### [What you are asked to do]
Every line of the data below should be retyped exactly, with no images carried over.

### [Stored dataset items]
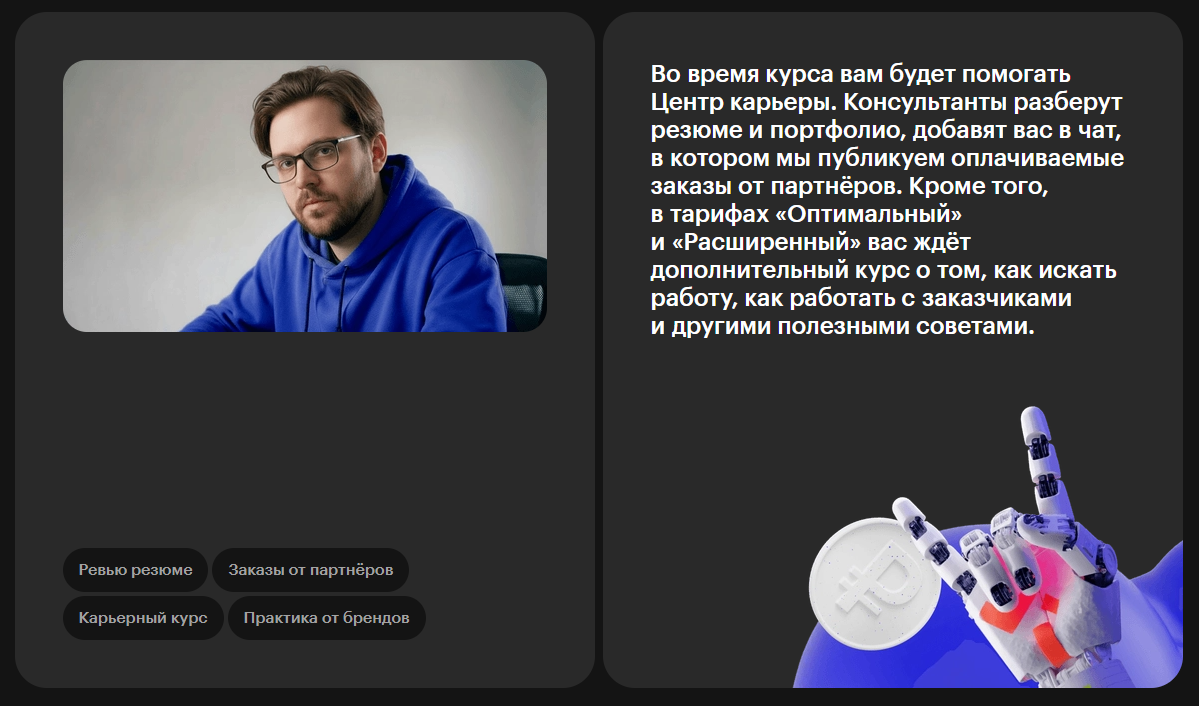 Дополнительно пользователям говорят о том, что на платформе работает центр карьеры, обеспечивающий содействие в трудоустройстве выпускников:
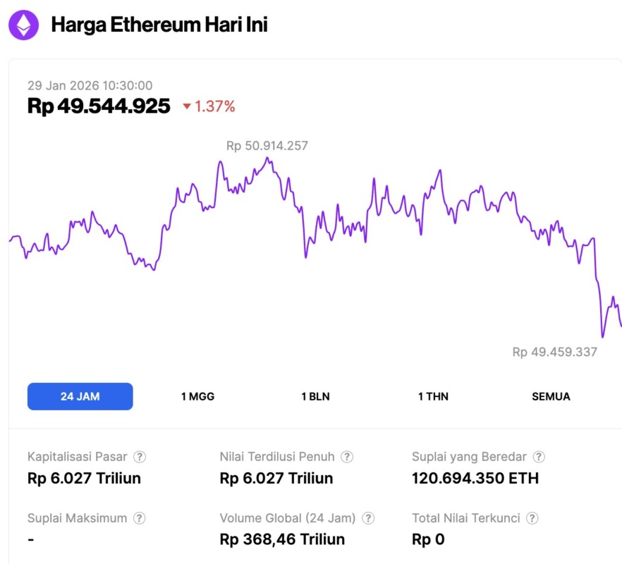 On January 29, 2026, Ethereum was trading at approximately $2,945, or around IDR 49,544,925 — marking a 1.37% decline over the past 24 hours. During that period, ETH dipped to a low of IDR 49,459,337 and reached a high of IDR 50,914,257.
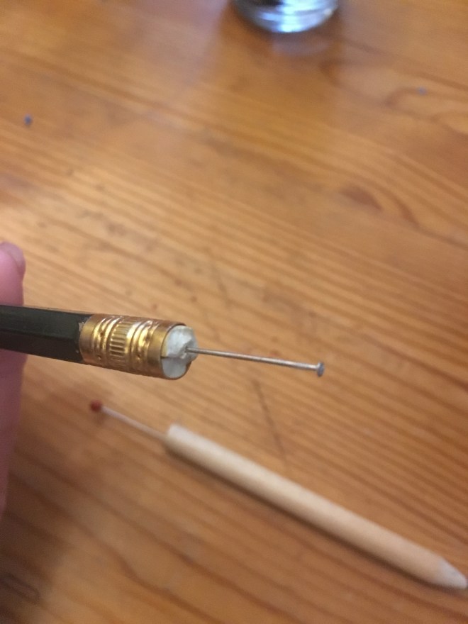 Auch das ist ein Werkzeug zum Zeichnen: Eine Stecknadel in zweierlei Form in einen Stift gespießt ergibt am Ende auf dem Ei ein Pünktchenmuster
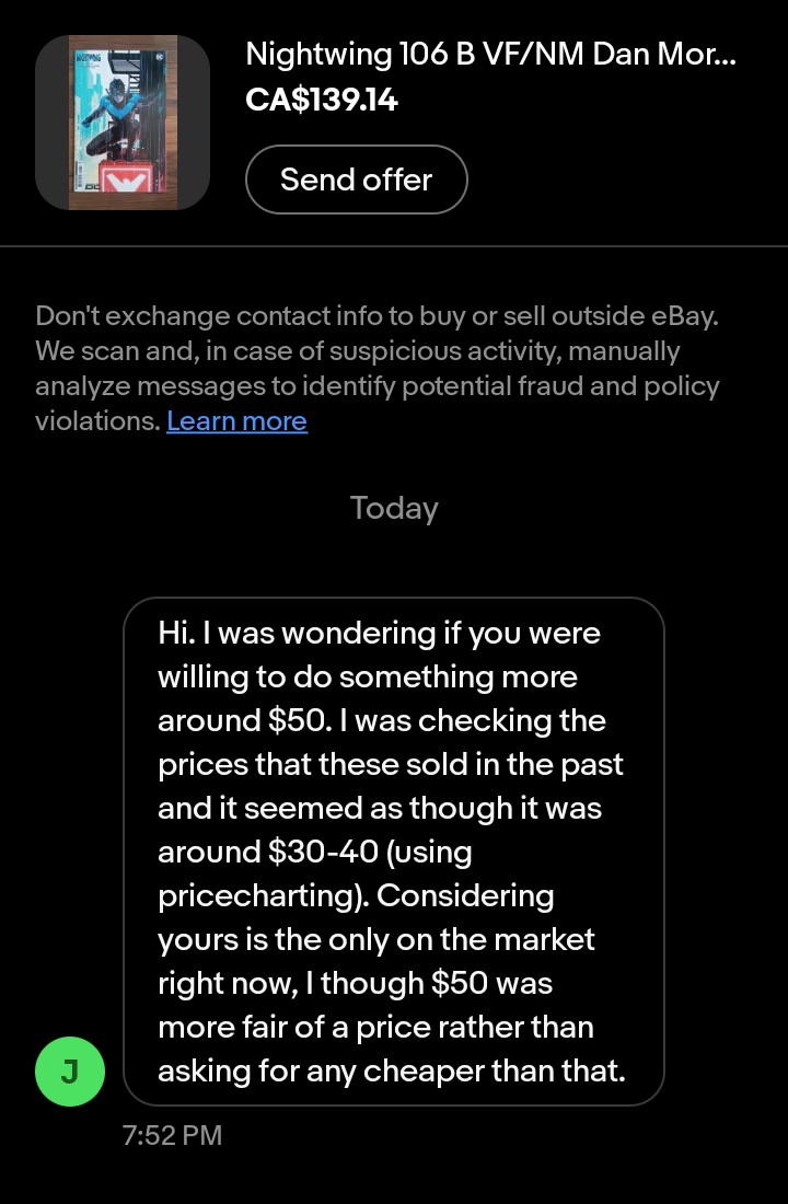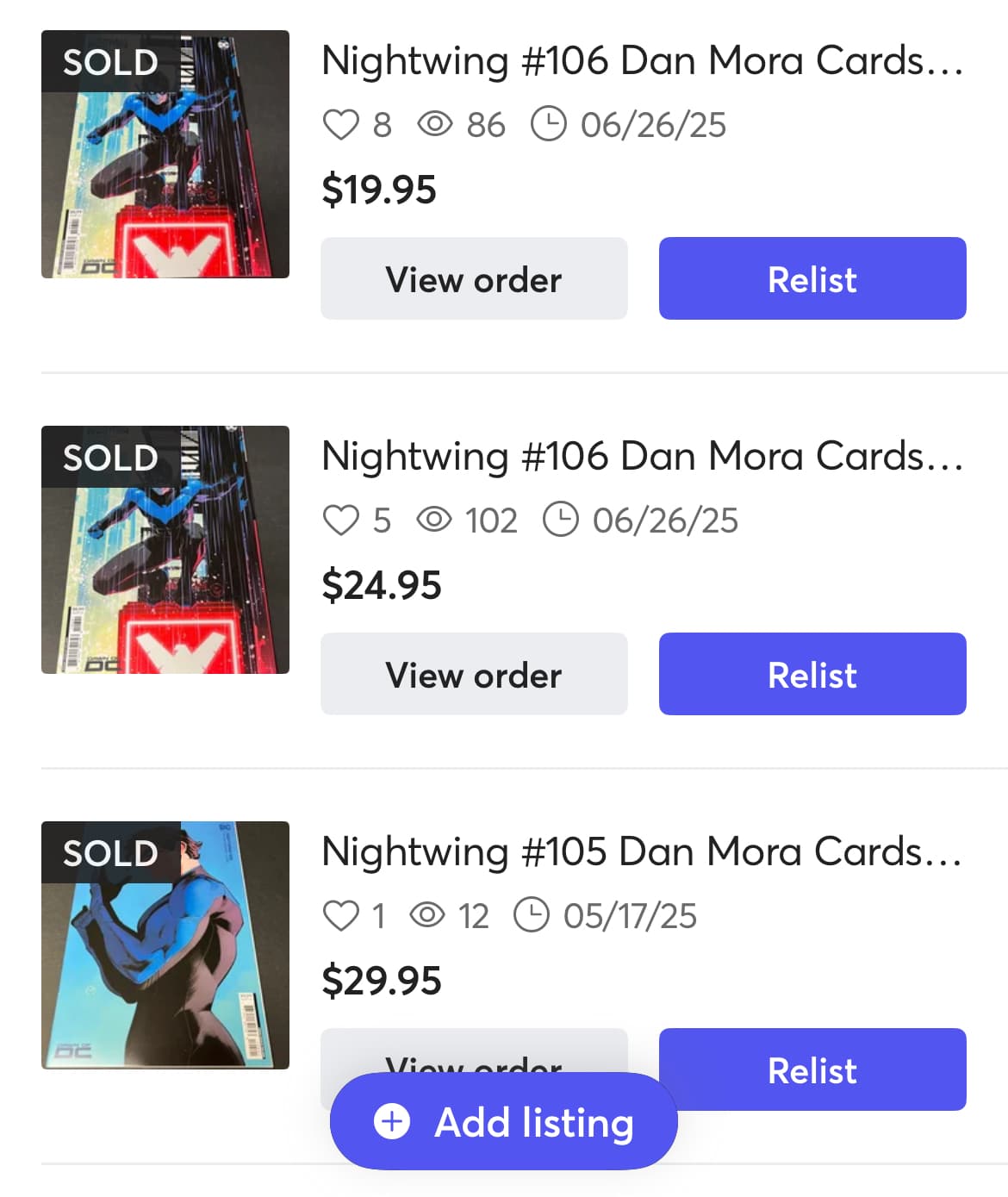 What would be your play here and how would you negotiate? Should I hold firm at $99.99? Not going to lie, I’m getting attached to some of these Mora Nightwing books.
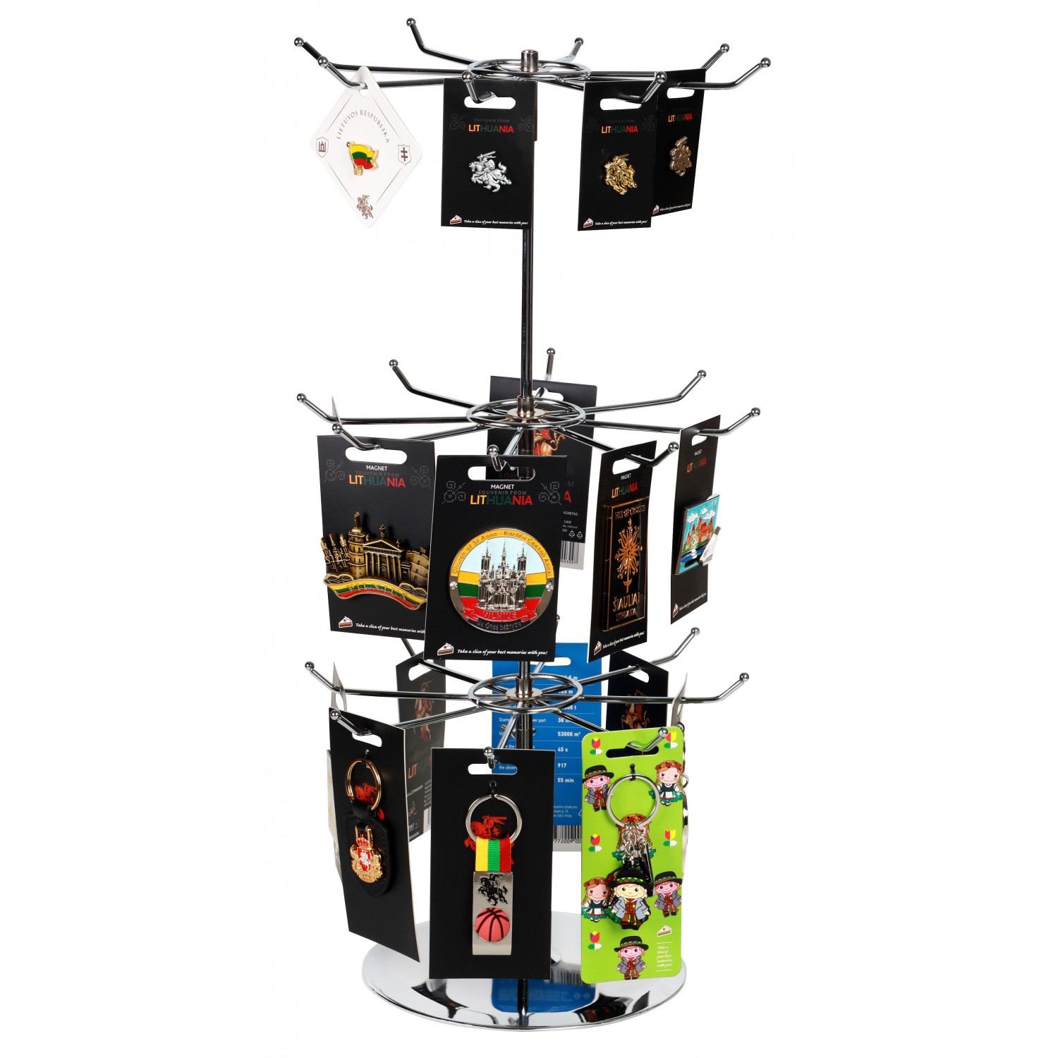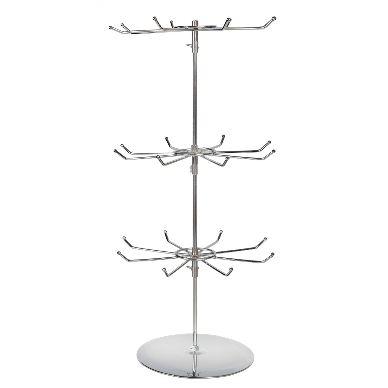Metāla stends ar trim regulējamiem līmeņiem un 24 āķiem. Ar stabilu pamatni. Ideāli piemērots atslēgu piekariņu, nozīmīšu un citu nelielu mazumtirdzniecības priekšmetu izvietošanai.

### [Task solution]
 Дополнительно пользователям говорят о том, что на платформе работает центр карьеры, обеспечивающий содействие в трудоустройстве выпускников:
 On January 29, 2026, Ethereum was trading at approximately $2,945, or around IDR 49,544,925 — marking a 1.37% decline over the past 24 hours. During that period, ETH dipped to a low of IDR 49,459,337 and reached a high of IDR 50,914,257.
 Auch das ist ein Werkzeug zum Zeichnen: Eine Stecknadel in zweierlei Form in einen Stift gespießt ergibt am Ende auf dem Ei ein Pünktchenmuster
 What would be your play here and how would you negotiate? Should I hold firm at $99.99? Not going to lie, I’m getting attached to some of these Mora Nightwing books.
Metāla stends ar trim regulējamiem līmeņiem un 24 āķiem. Ar stabilu pamatni. Ideāli piemērots atslēgu piekariņu, nozīmīšu un citu nelielu mazumtirdzniecības priekšmetu izvietošanai.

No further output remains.